(Directions)
Of the lines listed below, return exactly those that run from the line containing "Import Sites lets" through the line containing "ಹಾರ್ದಿಕ್ ಬ್ಯಾಟಿಂಗ್ ವೇಳೆ", both included.

(Extracted records)
Segment Open

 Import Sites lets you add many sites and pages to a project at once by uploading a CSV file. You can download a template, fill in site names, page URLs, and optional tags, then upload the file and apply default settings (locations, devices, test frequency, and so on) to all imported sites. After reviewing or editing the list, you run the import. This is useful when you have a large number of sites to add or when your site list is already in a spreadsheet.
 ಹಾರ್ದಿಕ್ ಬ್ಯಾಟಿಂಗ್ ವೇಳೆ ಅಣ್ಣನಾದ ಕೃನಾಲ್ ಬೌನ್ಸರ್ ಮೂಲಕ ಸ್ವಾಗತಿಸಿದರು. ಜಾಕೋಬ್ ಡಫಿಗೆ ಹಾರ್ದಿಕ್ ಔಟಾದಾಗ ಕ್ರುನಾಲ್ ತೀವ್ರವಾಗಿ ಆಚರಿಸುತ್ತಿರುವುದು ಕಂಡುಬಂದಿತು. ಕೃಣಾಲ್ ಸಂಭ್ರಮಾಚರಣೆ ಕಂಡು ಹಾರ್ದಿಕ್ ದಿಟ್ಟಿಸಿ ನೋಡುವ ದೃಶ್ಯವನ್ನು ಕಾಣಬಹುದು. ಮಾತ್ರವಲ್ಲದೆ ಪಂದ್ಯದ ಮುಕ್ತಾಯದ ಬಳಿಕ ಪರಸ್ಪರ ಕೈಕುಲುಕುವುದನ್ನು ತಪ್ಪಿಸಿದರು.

Segment Closed
Segment Open

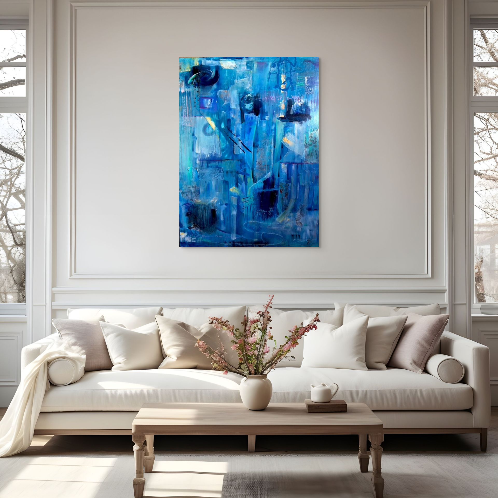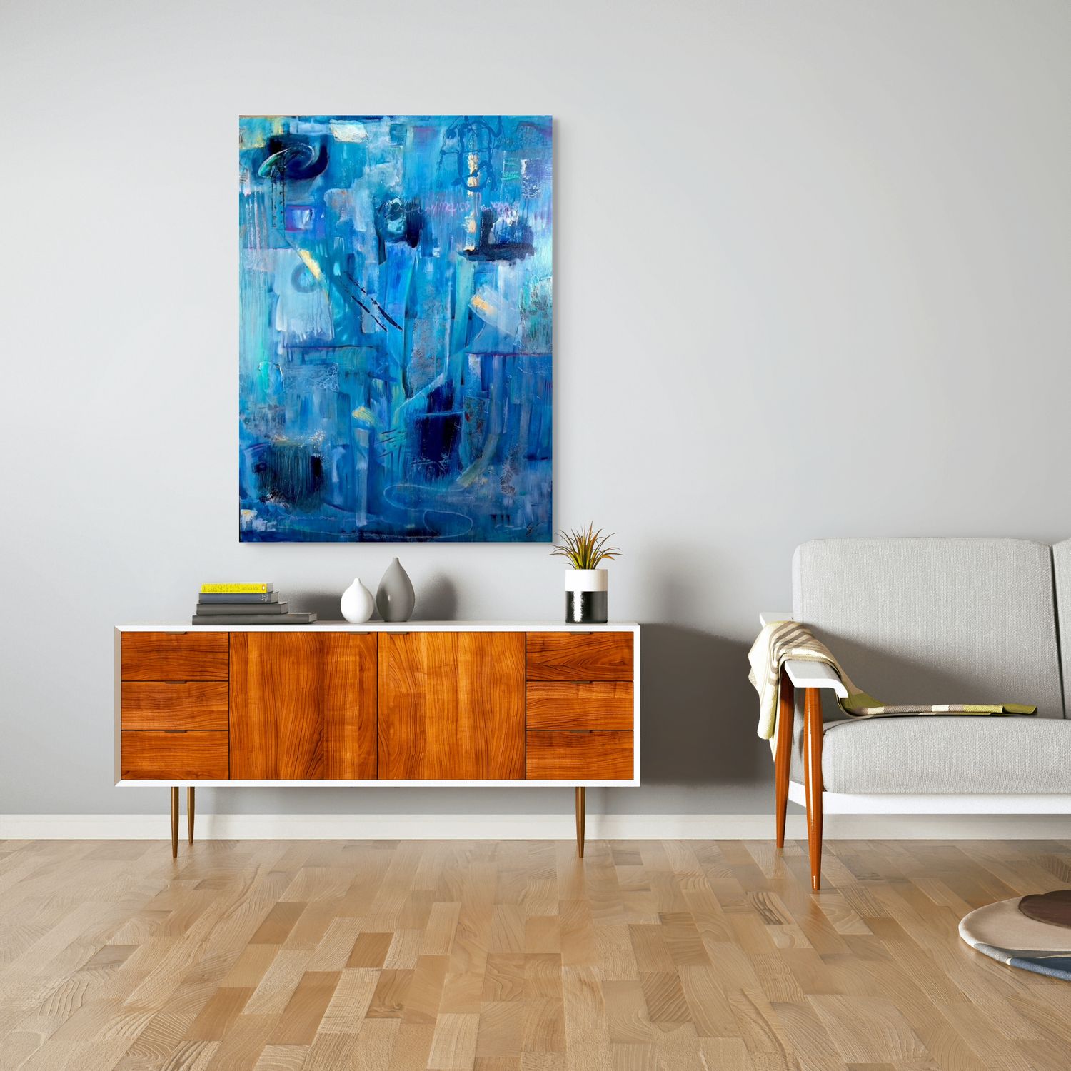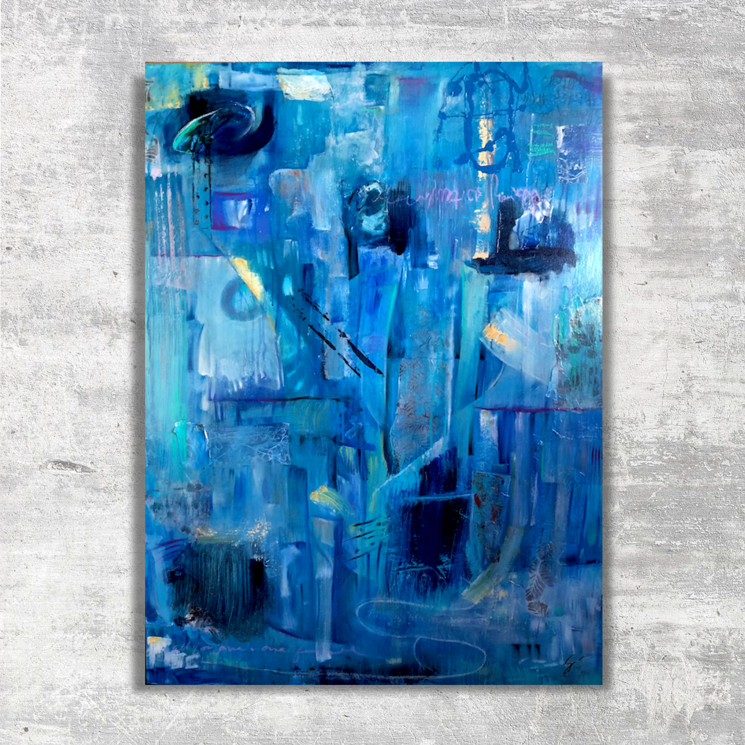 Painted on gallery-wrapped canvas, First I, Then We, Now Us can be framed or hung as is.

Segment Closed

(Answer area)
 Import Sites lets you add many sites and pages to a project at once by uploading a CSV file. You can download a template, fill in site names, page URLs, and optional tags, then upload the file and apply default settings (locations, devices, test frequency, and so on) to all imported sites. After reviewing or editing the list, you run the import. This is useful when you have a large number of sites to add or when your site list is already in a spreadsheet.
 ಹಾರ್ದಿಕ್ ಬ್ಯಾಟಿಂಗ್ ವೇಳೆ ಅಣ್ಣನಾದ ಕೃನಾಲ್ ಬೌನ್ಸರ್ ಮೂಲಕ ಸ್ವಾಗತಿಸಿದರು. ಜಾಕೋಬ್ ಡಫಿಗೆ ಹಾರ್ದಿಕ್ ಔಟಾದಾಗ ಕ್ರುನಾಲ್ ತೀವ್ರವಾಗಿ ಆಚರಿಸುತ್ತಿರುವುದು ಕಂಡುಬಂದಿತು. ಕೃಣಾಲ್ ಸಂಭ್ರಮಾಚರಣೆ ಕಂಡು ಹಾರ್ದಿಕ್ ದಿಟ್ಟಿಸಿ ನೋಡುವ ದೃಶ್ಯವನ್ನು ಕಾಣಬಹುದು. ಮಾತ್ರವಲ್ಲದೆ ಪಂದ್ಯದ ಮುಕ್ತಾಯದ ಬಳಿಕ ಪರಸ್ಪರ ಕೈಕುಲುಕುವುದನ್ನು ತಪ್ಪಿಸಿದರು.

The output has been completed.